## Problem to solve:
Copy exactly the stretch of lines from the one holding "However, the 6th" through the last line of the data below, inclusive. Leave out pictures.

## Data below:

____

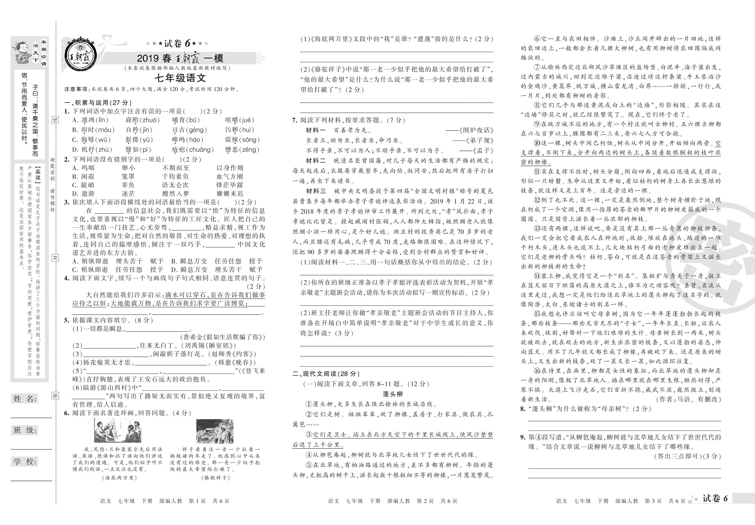 王朝霞期末模拟卷七年级下册语文(人教版)_R21080241533【6】
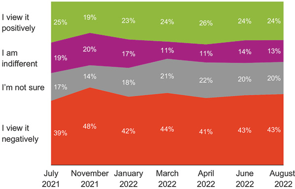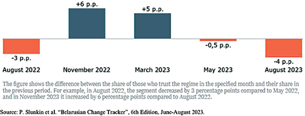 However, the 6th edition of the Belarusian Change tracker recorded fluctuations in these sentiments from August 2022 to August 2023, with an increase in the trust of the government until March 2023, and again a slight decrease from May to August 2023, as shown in Figure 5. Nevertheless, as reported by the authors, the last decrease is currently statistically insignificant to be considered as the beginning of a new downward trend.69
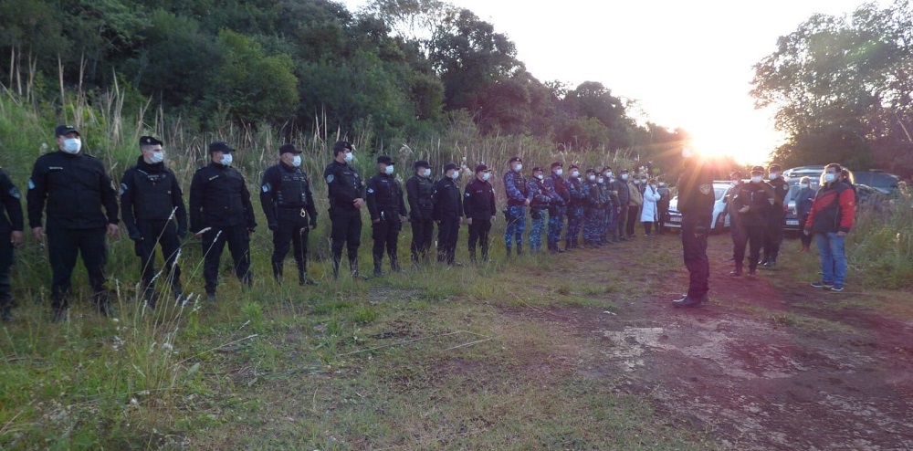El procedimiento en el bañado del barrio Prosol lo encabezó el juez Alarcón, junto al jefe de Policía, Carlos Merlo, el jefe de la Unidad Regional II, Rubén Darío Duarte, integrantes de la Dirección Policía Científica y equipos especializados en rastrillajes.

____

## Result of the task:
 However, the 6th edition of the Belarusian Change tracker recorded fluctuations in these sentiments from August 2022 to August 2023, with an increase in the trust of the government until March 2023, and again a slight decrease from May to August 2023, as shown in Figure 5. Nevertheless, as reported by the authors, the last decrease is currently statistically insignificant to be considered as the beginning of a new downward trend.69
El procedimiento en el bañado del barrio Prosol lo encabezó el juez Alarcón, junto al jefe de Policía, Carlos Merlo, el jefe de la Unidad Regional II, Rubén Darío Duarte, integrantes de la Dirección Policía Científica y equipos especializados en rastrillajes.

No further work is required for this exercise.